I have had Jazz petrol CVT, WMBO has one currently, I have had a Hybrid HR-V and am currently driving a CR-V hybrid. I have also driven Crosstar and MkIV Jazz.
My comments are.
Petrol Jazz is gutless.. Pulling out of a side road into fast moving traffic is dicing with death unless you wait for a HUGE gap. Your Ma may also find the noise of the CVT under heavy acceleration is rather annoying. It doesn't worry me or SWMBO.
The Crosstar is a cracking small car. Boot is not very big. Acceleration with the electric assistance is superb and without too much trouble on a long town drive you can get 60-70mpg. excellent road holding.
HR-V e:HEV is also a cracking car. Bigger boot, again zoomy acceleration and similar consumption.
I did find i a bit noisy (road & wind), road holding excellent. I only got rid of mine as I am 6ft and 17 stone waiting for a new left knee, and I found it increasingly difficult to get in and out.
MPG almost as good as the Crosstar.
CR-V e:HEV my current wheels. The most comfortable of the three, even quicker acceleration (2.0L engine) . MPG not as good 30-40 sometimes up to 70(rarely) mpg round town, 55mpg on fast cross country run. overall average 44mpg.
There are loads of CR-V e:HEVs on Autotrader. starting under £19K have look here
https://www.autotrader.co.uk/car-search?sort=relevance&postcode=bh148rt&radius=1500&make=Honda&model=CR-V&include-delivery-option=on&price-to=25000&fuel-type=Petrol%20HybridIt is quite a big car, but if your Ma is a confident driver and can cope with the size GO FOR IT!
The insurance group is 24 whereas the HR-V is a shocking 31-34.
Honda call the Hybrid transmissions e:CVT which is very confusing. There is NO GEARBOX as such in the system. Obviously the electric motor has to be geared down to road wheel speed. The petrol engine is designed to run at it's 'sweetspot' as much as possible. It will run up to it's max revs if needed.

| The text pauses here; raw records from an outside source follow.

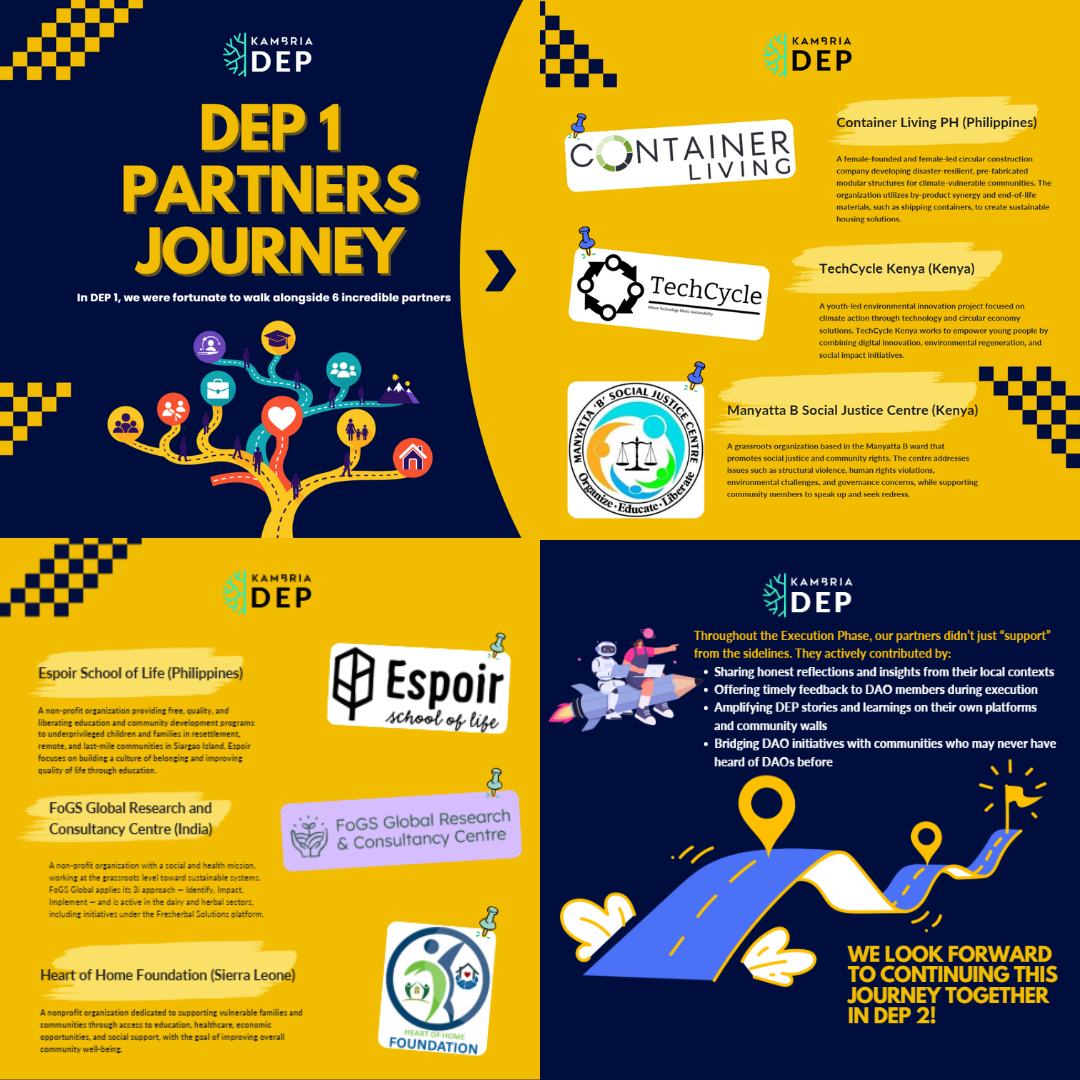 In DEP 1, we were fortunate to walk alongside ๐Ÿ” ๐ข๐ง๐œ๐ซ๐ž๐๐ข๐›๐ฅ๐ž ๐ฉ๐š๐ซ๐ญ๐ง๐ž๐ซ๐ฌ: ๐‚๐จ๐ง๐ญ๐š๐ข๐ง๐ž๐ซ ๐‹๐ข๐ฏ๐ข๐ง๐  ๐๐‡ (๐๐ก๐ข๐ฅ๐ข๐ฉ๐ฉ๐ข๐ง๐ž๐ฌ), ๐“๐ž๐œ๐ก๐‚๐ฒ๐œ๐ฅ๐ž ๐Š๐ž๐ง๐ฒ๐š (๐Š๐ž๐ง๐ฒ๐š), ๐Œ๐š๐ง๐ฒ๐š๐ญ๐ญ๐š ๐ ๐’๐จ๐œ๐ข๐š๐ฅ ๐‰๐ฎ๐ฌ๐ญ๐ข๐œ๐ž ๐‚๐ž๐ง๐ญ๐ซ๐ž (๐Š๐ž๐ง๐ฒ๐š), ๐„๐ฌ๐ฉ๐จ๐ข๐ซ ๐’๐œ๐ก๐จ๐จ๐ฅ ๐จ๐Ÿ ๐‹๐ข๐Ÿ๐ž (๐๐ก๐ข๐ฅ๐ข๐ฉ๐ฉ๐ข๐ง๐ž๐ฌ), ๐…๐จ๐†๐’ ๐†๐ฅ๐จ๐›๐š๐ฅ ๐‘๐ž๐ฌ๐ž๐š๐ซ๐œ๐ก ๐š๐ง๐ ๐‚๐จ๐ง๐ฌ๐ฎ๐ฅ๐ญ๐š๐ง๐œ๐ฒ ๐‚๐ž๐ง๐ญ๐ซ๐ž (๐ˆ๐ง๐๐ข๐š), ๐‡๐ž๐š๐ซ๐ญ ๐จ๐Ÿ ๐‡๐จ๐ฆ๐ž ๐…๐จ๐ฎ๐ง๐๐š๐ญ๐ข๐จ๐ง (๐’๐ข๐ž๐ซ๐ซ๐š ๐‹๐ž๐จ๐ง๐ž) โ€” local delivery partners, CSOs, NGOs, and impact-driven organizations โ€” who brought the DAO Experimentation Program closer to real communities on the ground.
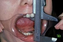 Elle se fait pour les mouvements d’ouverture, de propulsion et de latéralité. Le matériel est constitué d’une simple réglette. Les valeurs normales sont respectivement de 40 mm pour l’ouverture buccale, 10 mm pour les latéralités et la propulsion .
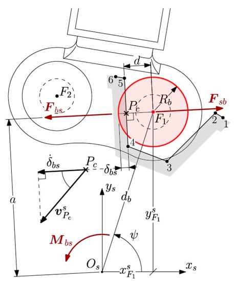 - The sprocket tooth with which the considered bushing is likely to collide is identified based on the angle (ψ) between the vector from Os to F1 and the xs axis of the sprocket reference frame, i.e., (11)
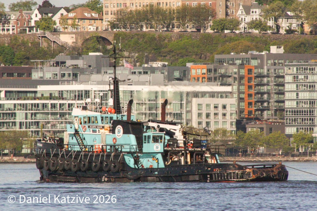 In the photos, DonJon tugs Mary Alice and the powerful Atlantic Salvor were maneuvering dump scows which Salvor will haul out to the Federal remediation area off Atlantic Highlands, NJ.
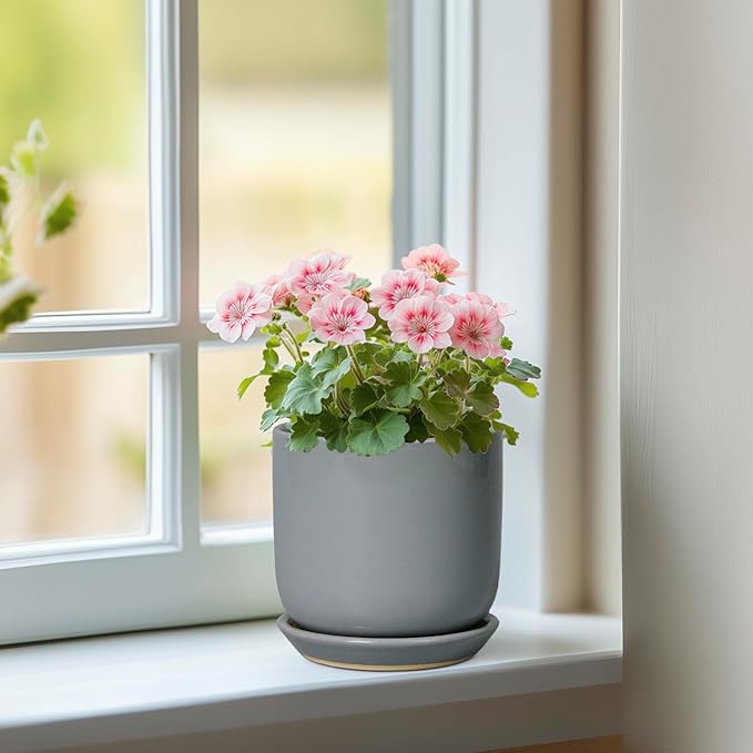 Ceramic Plant Pot 5 Inch - Modern Succulent Planter for Outdoor Indoor Plants with Drainage Hole and Saucer, Modern Home Decor, Gray
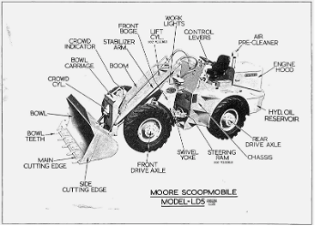 En 1953, la empresa Mixermobile Manufacturers, impulsada por los hermanos Elmer y Ed Wagner, presentó los primeros cargadores de bastidor articulado: los modelos Scoopmobile LD-5 (1 yd³) y LD-10 (2 yd³).
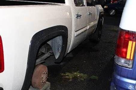 When officers arrived, they saw a white truck in the lot with its tires missing.
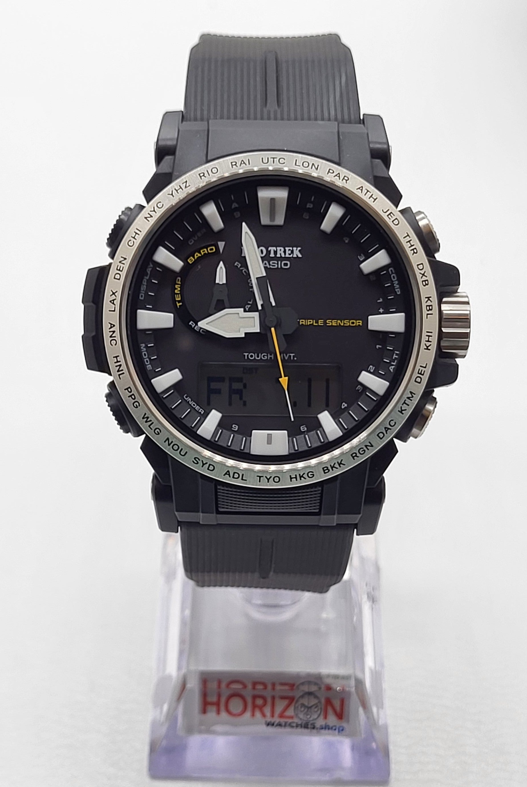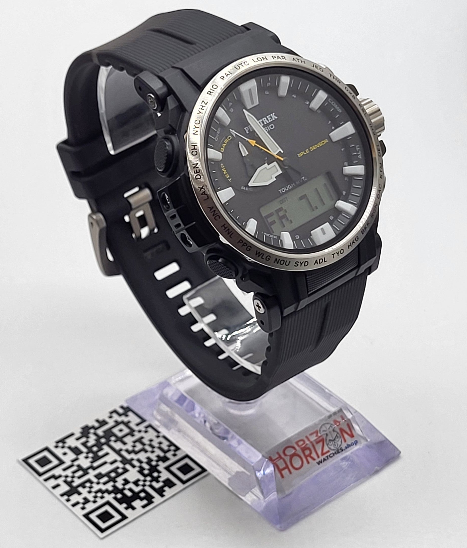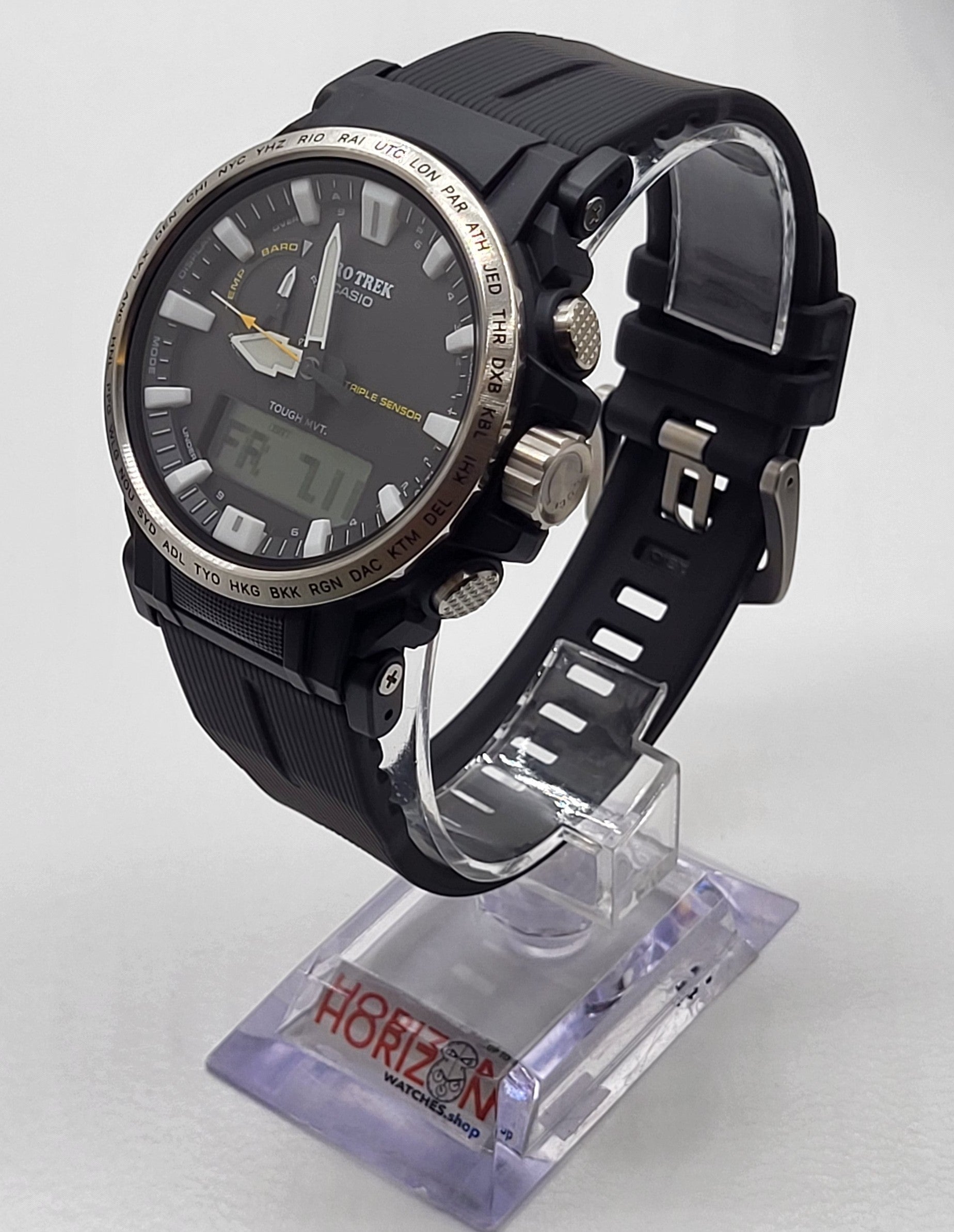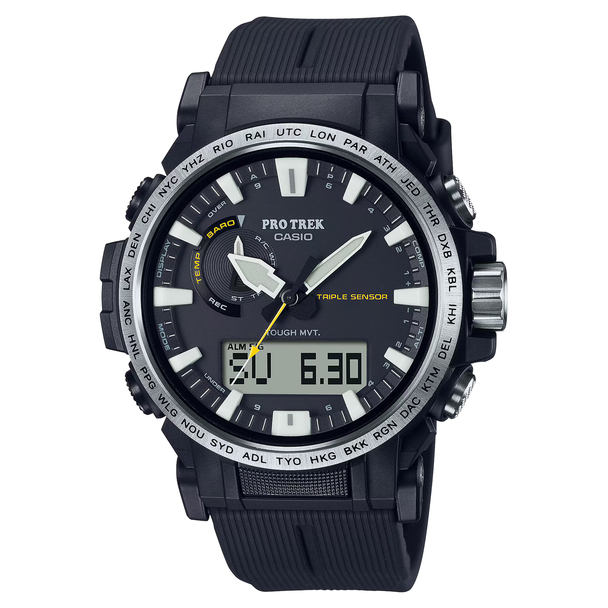 Become “One with Nature” with the new PRW6611 that uses eco-friendly materials. bio-based resin is used for the case, band, and back cover while maintaining a comfortable fit and high visibility. Featuring a big face, large hands and indexes are place on a large-diameter dial to improve the legibility, resulting in a functionally beautiful design. The dial uses easy-to-read Arabic characters and bar indexes to improve visibility. The stainless steel bezel engraved with the city codes and has hairline finish to give the bezel a sharp look. Equipped with multi-band 6 and tough solar, PRO TREK is always in pursuit of high functionality and practicality for various scenes.

The difference is that over about 50mph (in all of them) the ICE will fire up and the system has a locking pawl that locks the ICE into the driven wheels. In slower running the E motor will come on and off as will the ICE depending on the traction battery state of charge. Have a look at the video above for the technical description of the e:HEV drive.